キャリアの仕切り直し。新しい選択が新たな出会いと研究の場をもたらす。
“人生、出会うべき人には必ず出会う。しかも一瞬遅からず、早からず”と説いたのは哲学者/教育者の森信三(1896-1992年)である。人に限らず、モノや出来事との出会いもまた、人生を新しい場所へと運ぶ水脈となるのだろう。石田修一教授も「素晴らしい人たちとの出会いによって、研究者としての道がひらかれた」と感謝の念を語る。しかし、若いエンジニア時代には、理想と現実とのはざまに揺れ、挫折感を抱えて郷里に帰った経験もある。石田教授の話は、不確実な時代を生きる私たちへの示唆にあふれている。
大学院を修了後、就職した会社ではリチウムイオン電池の開発に従事した。時は平成初期、バブル景気がはじけ、平成不況の暗雲が垂れ込めていた。世界にその名をとどろかす企業とて安泰ではいられず、様々な経営判断を下さなければならなかった。その一つが、研究開発部門の縮小だ。石田教授は企画部門(教育ビジネス事業室)に籍を移すこととなった。
「技術的に非常に優れた成果であっても、世界的な情勢、技術的トレンド、会社の戦略・方針などによって、必ずしも日の目を見るわけではありません。しかし、その頃は若かったこともありますが、自分が開発した技術が社会実装され、人びとの暮らしに役立つことを信じて、一途に頑張っていました。競争市場の中で、技術がどのように有用で価値があるのかといった視点から眺めることができなかったのですね」。そうした経験は、現在、研究者の卵や若いエンジニアの振る舞い・メンタリティを読み解くことにつながっている。
転属先の企画部門は、あるいは花形部署かもしれなかった。

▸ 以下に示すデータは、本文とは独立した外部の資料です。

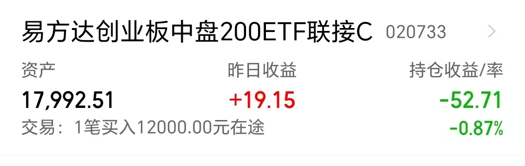 宽基:$易方达创业板中盘200ETF联接C(OTCFUND|020733)$+12000元。
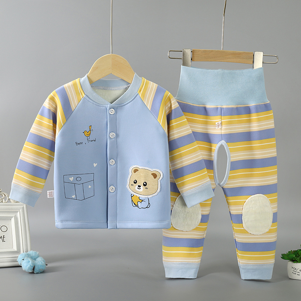 아기 따뜻한 세트 소년과 소녀 아기 기모 하이 웨이스트 세트 어린이 겨울 옷 가을 바지 카디건 가을 옷스토어 가기
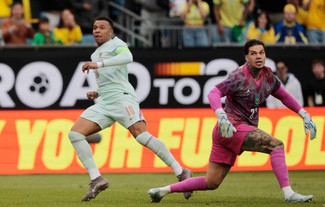 E os franceses não demoraram a abrir o marcador. Aos 31 minutos do primeiro tempo Dembelé lançou em profundidade para Mbappé, que partiu em velocidade e encontrou muita liberdade para bater por cobertura na saída do goleiro Ederson.

しかし、石田教授は会社を去る。向かった先は、故郷北海道だ。「実家が自動車修理工場を経営していましたので、後継者としての道もあったのですが…」。しかし、石田教授は経営学を修めるべく、再び、学修と研究の場に身を置いた。前職の体験から、ものづくりの技術を経営的な側面(組織・戦略・ネットワーク)からとらえることの必要性を痛感したからだ。技術×経営だ。そしてそこでの出会いにより、次のステージへと導かれることになる。

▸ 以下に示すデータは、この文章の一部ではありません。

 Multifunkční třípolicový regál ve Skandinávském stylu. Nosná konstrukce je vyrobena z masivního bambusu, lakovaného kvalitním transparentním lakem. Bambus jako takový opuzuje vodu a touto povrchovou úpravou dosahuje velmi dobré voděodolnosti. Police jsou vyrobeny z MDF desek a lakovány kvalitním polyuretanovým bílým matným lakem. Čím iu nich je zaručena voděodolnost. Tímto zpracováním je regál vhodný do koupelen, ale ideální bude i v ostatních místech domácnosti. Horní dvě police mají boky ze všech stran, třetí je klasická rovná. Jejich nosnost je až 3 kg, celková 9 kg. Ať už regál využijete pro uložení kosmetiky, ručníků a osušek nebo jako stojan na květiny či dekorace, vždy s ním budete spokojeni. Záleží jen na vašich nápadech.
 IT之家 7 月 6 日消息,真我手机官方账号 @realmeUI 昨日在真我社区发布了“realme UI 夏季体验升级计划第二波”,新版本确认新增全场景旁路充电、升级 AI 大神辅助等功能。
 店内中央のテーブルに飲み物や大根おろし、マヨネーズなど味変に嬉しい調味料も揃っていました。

「師事した寺本義也先生は、ベストセラーとなった『失敗の本質』(中央公論社、1991年)の共著者として有名な方でしたが、ネットワークと経営研究の第一人者でもありました。当時の経営学は、指導者と学生との連携が緊密な分野として知られていましたが、寺本先生は学生の自主性に任せ、自由な試みを許容される方でした。おかげで興味のあることに思う存分、取り組むことができました」。おもしろいという感懐は、研究を大きく推進させる力となった。